L’Arctique pourrait être privé de banquise en été dès les années 2030
9 juin 2023
9 juin 2023
Les chercheurs estiment que le déclin de cette glace peut être attribué essentiellement aux émissions de gaz à effet de serre.
L’Arctique pourrait être privé de banquise en été dès les années 2030, soit bien plus tôt qu’estimé jusqu’à présent, même dans un scénario de faibles émissions de gaz à effet de serre, affirment des chercheurs dans un article publié mardi 6 juin.
Les scientifiques, basés en Corée, au Canada et en Allemagne, ont utilisé des données d’observation sur la période 1979-2019 pour effectuer des nouvelles simulations. « Les résultats indiquent que le premier mois de septembre sans glace de mer interviendra dès les années 2030-2050, quels que soient les scénarios d’émissions », concluent-ils dans la revue Nature Communications.
Lorsque les experts évoquent l’absence de banquise, cela correspond à une surface inférieure à 1 million de kilomètres carrés ; il pourra toujours rester de la glace résiduelle le long des côtes. A titre de comparaison, la surface de la banquise a oscillé entre 10 et 14 millions de kilomètres carrés en 2022, selon le National Snow and Ice Data Center (NSIDC), un institut universitaire américain spécialisé dans l’étude des régions recouvertes par les glaces
« C’est environ une décennie plus tôt que les récentes projections du GIEC », le Groupe d’experts intergouvernemental sur l’évolution du climat, mandaté par l’ONU, souligne le coauteur de l’article Seung-Ki Min, des universités sud-coréennes de Pohang et Yonsei.
Les savants estiment aussi que le déclin de cette glace peut être attribué essentiellement aux émissions de gaz à effet de serre, les autres facteurs (aérosols, activité solaire et volcanique notamment) étant bien moins importants.
La banquise – ou glace de mer – est faite d’eau salée à la surface d’un océan, qui a gelé sous l’effet du froid. Sa fonte ne cause pas directement d’élévation du niveau des océans (contrairement à celle de la calotte glaciaire et des glaciers), puisque son volume fait déjà partie de l’océan liquide mais a malgré tout des conséquences néfastes.
En effet, cette glace joue un rôle très important en été, en reflétant dans l’espace les rayons du Soleil, ce qui permet de rafraîchir l’Arctique. Cet effet de miroir, appelé albédo, est aujourd’hui de plus en plus faible, et l’Arctique se réchauffe donc beaucoup plus vite que d’autres régions.

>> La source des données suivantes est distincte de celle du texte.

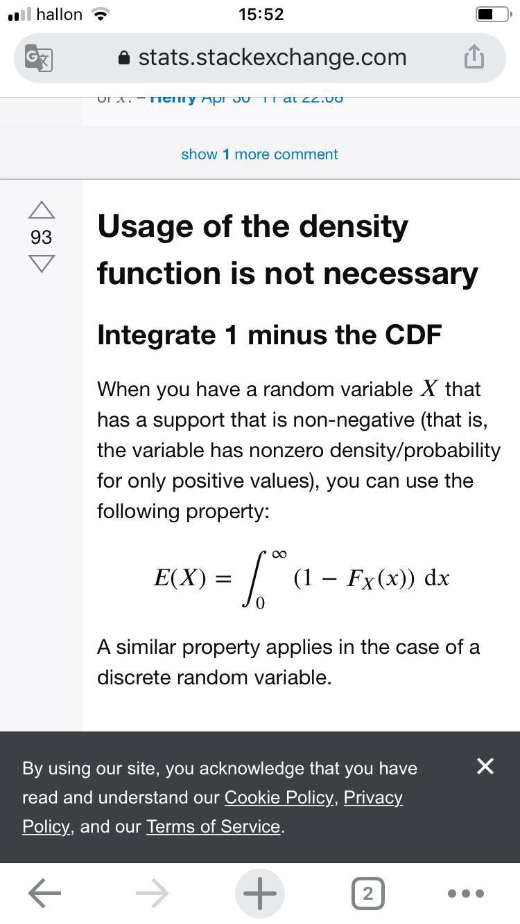 Med andra ord får jag att E(X) = x ovan. Detta är fel enligt facit. Någon som vet hur jag tänker fel?

La disparition de la glace « accélérera le réchauffement arctique, ce qui peut augmenter les événements météorologiques extrêmes aux latitudes moyennes, comme les canicules et les feux de forêts », explique Seung-Ki Min, des universités sud-coréennes de Pohang et Yonsei, coauteur de l’article. « Cela peut aussi accélérer le réchauffement mondial, en faisant fondre le pergélisol (les sols qui restent gelés toute l’année), ainsi que la montée du niveau des océans en faisant fondre la calotte glaciaire du Groenland », ajoute le chercheur.
« Ce sera le premier composant majeur de notre système climatique que nous perdons à cause de nos émissions de gaz à effet de serre », complète Dirk Notz, de l’université de Hambourg, un autre coauteur de l’étude. « Les scientifiques ont alerté sur cette disparition pendant des décennies, et c’est triste de voir que ces mises en garde n’ont, pour l’essentiel, pas été écoutées », regrette-t-il.
M. Notz espère maintenant que les décideurs politiques prêteront attention aux conclusions des chercheurs « pour qu’on puisse au moins protéger les autres composants de notre système climatique, en limitant le réchauffement futur autant que possible ».